Khruangbin/Rumsey Playfield/June 20, 2019
Mark Speer and Donald “DJ” Johnson Jr. met in 2004 while playing in a gospel band in Houston, Texas; their church employed Speer as the guitarist and Johnson as the organist. In 2007, Speer met Laura Lee and bonded over a shared love of Afghan music and Middle Eastern architecture. In 2009, Speer taught Lee to play the bass and, in 2010, they toured with Yppah and Bonobo with Lee on bass and Speer on guitar. Determined to create new experimental music, Speer and Lee developed their bass-heavy, psychedelic sound in a barn in Burton, Texas. Upon their return to Houston, they asked DJ to join the band as their drummer to play simple break-beats under the guitar and bass. When asked to play their first gig, Lee, who was learning to speak Thai at the time, decided they should make their name her favorite Thai word: “khruangbin” (เครื่องบิน), which means “flying engine” or “airplane.” Khruangbin’s 2015 debut album drew from 1960s Thai music, while their sophomore release in 2018 drew inspiration from music from Spain and the Middle East. Khruangbin will release its third album, Hasta el Cielo, on July 12, 2019. Speer, Lee, and DJ also host AirKhruang radio shows on NTS Radio and Facebook Live.

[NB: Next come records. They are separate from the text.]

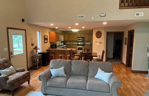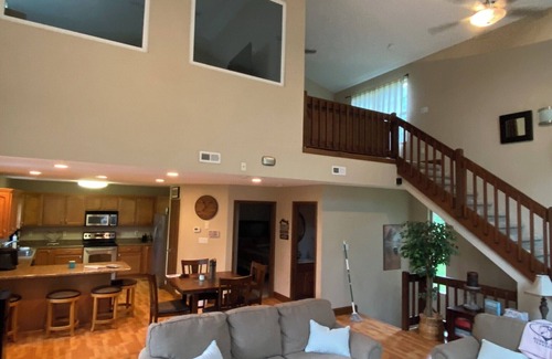On the main level you will find a fully stocked kitchen, large living room, Queen bedroom, additional Queen pull out sofa, and a full bath. Upstairs is the master bedroom suite and attached full bath with jacuzzi tub. There is also a sitting area with a full pull out sofa with memory foam mattress. The lower level offers a Queen bedroom and an additional pull out sofa with a full memory foam mattress and a 1/2 bath.
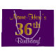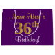 Grand Sac Cadeau Elégant, pourpre, Faux Gold 36ème anniversaire + N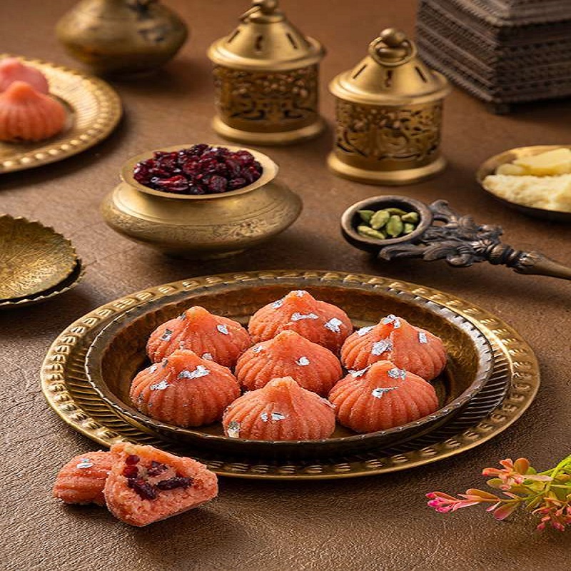 A tangy-sweet delight with dried cranberries and crunchy almonds, offering a refreshing twist to the traditional modak.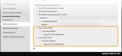 Merk av i boksen hvis du vil bruke TLS til å kryptere kommunikasjon med SMTP-serveren. Merk av for [Kontroller sertifikat] eller [Legg CN til kontrollelementer], alt etter hva du har behov for.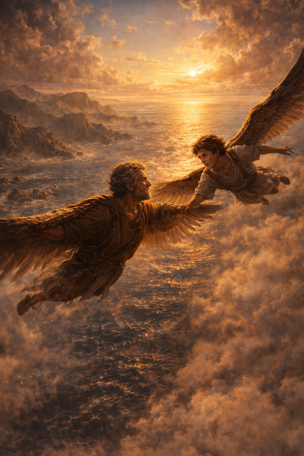 다이달로스는 아들을 향해 미소를 지었습니다. 모든 것이 계획대로였습니다. 그들은 크레타를 떠나, 자유로운 땅을 향해 날아가고 있었습니다.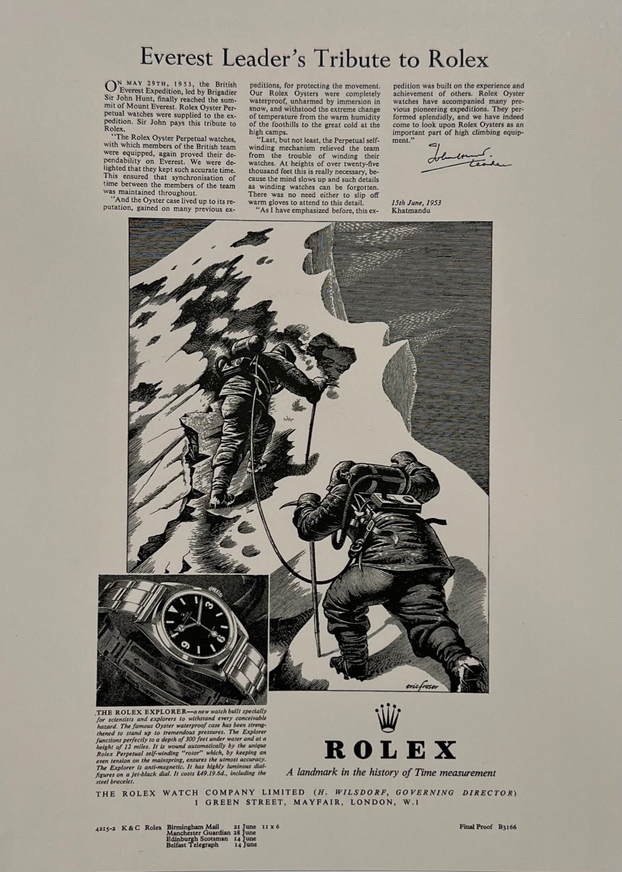 Between 1933 & 1953, Himalaya expeditions had been sponsored by Rolex, so Rolex 6098 watches were worn to the top of Mount Everest, but British-made Smiths A409 wrist watches were worn on the top of Mount Everest. However, already on January 26 - 1953, Rolex had patented the name “Explorer” for their upcoming line of time only watches.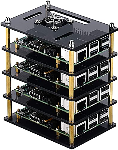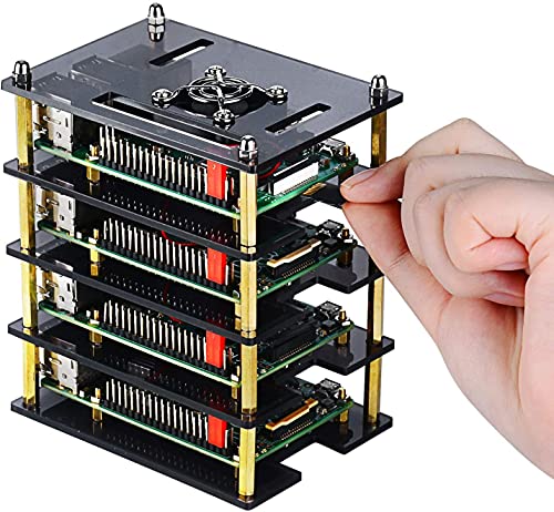GeeekPi Raspberry Pi 4 Cluster Case With Cooling Fan and Heatsink - 4 Layers Acrylic Stackable Rack for Pi 3B+, 3/2 Model B

Kruangbin headlined a Summerstage concert at Rumsey Playfield in Central Park and the occasional heavy rain did not hinder the dancing shoes of the audience mesmerized by the hypnotic music. World beats swirled as Speer’s guitar emulated Lee’s hard, funky bass riffs and then spun into reverb-soaked surf sounds. As with many jam bands, the casual listener was unable to predict where the music was going and often found that it was not going anywhere, but instead was locked simply into a heavy groove. Mostly instrumental, the low-fi indie sound hinged on the rhythm section’s firm blueprints and Speer’s improvised spacey guitar licks. Khruangbin is a completely original rock band and at the moment quite unique, but sure to inspire many imitators.
Perry Farrell’s Kind Heaven Orchestra/City Winery/June 14, 2019
Born in Queens, New York, Peretz Bernstein spent his childhood in Woodmere, Long Island and as a teenager moved with his family to North Miami Beach, Florida. Following graduation from high school in the early 1980s, he moved to Los Angeles, California. From 1981 to 1985, he was the vocalist for the post-punk band Psi Com, then co-founded Jane’s Addiction in 1985, adopting the pseudonym Perry Farrell as a play on the word “peripheral.” Jane’s Addiction achieved success, split in 1991, and then reunited and split several more times. Following the first break-up of Jane’s Addiction, Farrell formed Porno for Pyros in 1992 and recorded two successful albums. After Jane’s Addiction’s second breakup in 1999, Farrell released his debut solo album. After Jane’s Addiction’s third split, Farrell led the Satellite Party from 2004 to 2008. He released his first solo album in 18 years, Kind Heaven, on June 7, 2019.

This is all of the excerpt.